"Antes, los alemanes se preguntaban si era aconsejable que sus firmas invirtieran en Rusia; ahora se preguntan si están dispuestos a aceptar que los rusos inviertan en Alemania", comentó el exembajador alemán en Moscú HansFriedrich von Ploetz. En la misma línea tituló la revista Der Spiegel en su último número, en que afirmó: "Los rusos vienen". A comprarlo todo. La publicación agrega que Moscú quiere adquirir a cualquier precio "la industria clave de Alemania y Europa".

Según los expertos, Rusia nada en dinero como resultado de los millonarios negocios del gas y el petróleo. "La economía rusa presionará cada vez más para salir al extranjero", afirma Klaus Mangold, presidente de los grupos económicos alemanes con negocios en el Este de Europa.

Las estadísticas lo demuestran.
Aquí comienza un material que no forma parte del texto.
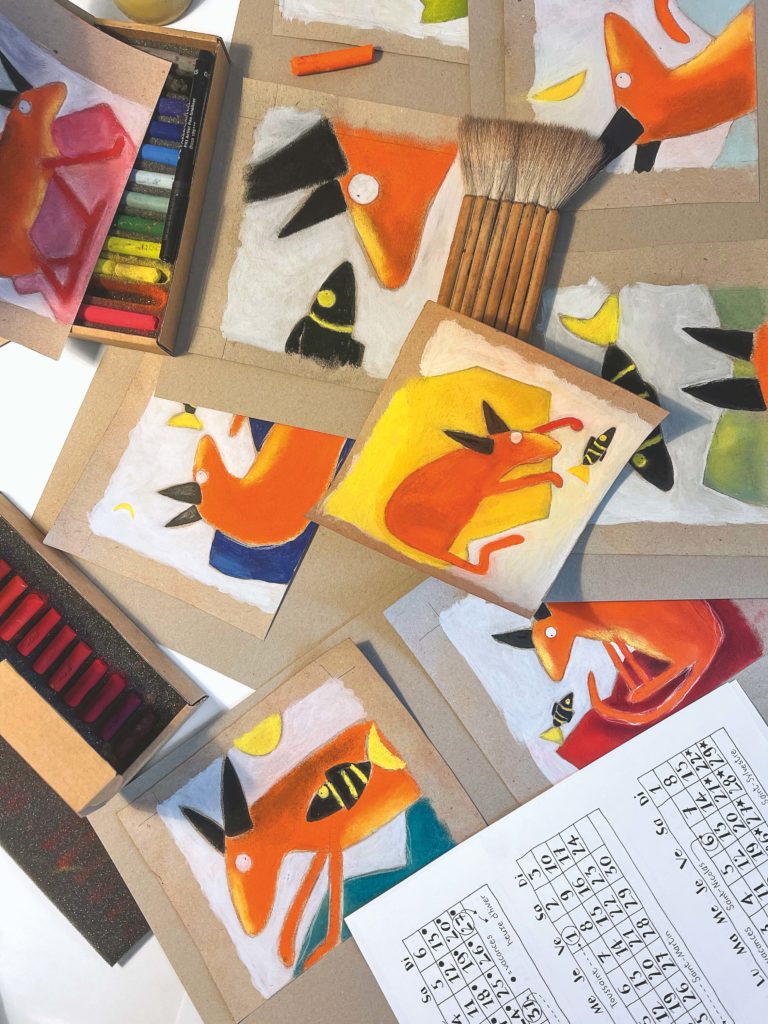 Tous ces dessins et ces lettres ont ensuite été numérisés et travaillés sur ordinateur par Raphaël Donnat, de Scan Graphic à Nyon. Il a fait en sorte que les lumineux pastels utilisés sur papier soient aussi éclatants sur écran… puis à l’impression!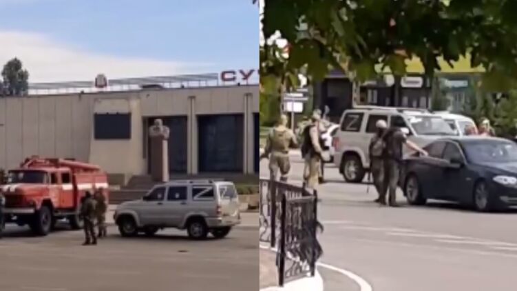 В Энергодаре Запорожской области продолжается протест пожарных, которые митингуют против ареста своего начальника Виталия Трояна. Россияне подтянули на место вооруженных людей, и начался разгон митинга.

Los rusos pretenden captar las grandes empresas europeas de campos como la energía, la química, la aviación y la industria pesada. Empresas como Gazprom, que se ha convertido en la cuarta más grande del mundo, ya anunció su intención de comprar la energética británica Centrica.

Las firmas rusas van a abastecer más del 30% del gas que necesita Alemania y piden acceso directo a la red de distribución. Otra muestra es la millonaria inversión de Gazprom en el club alemán más tradicional, el Schalke 04, en la Cuenca del Ruhr.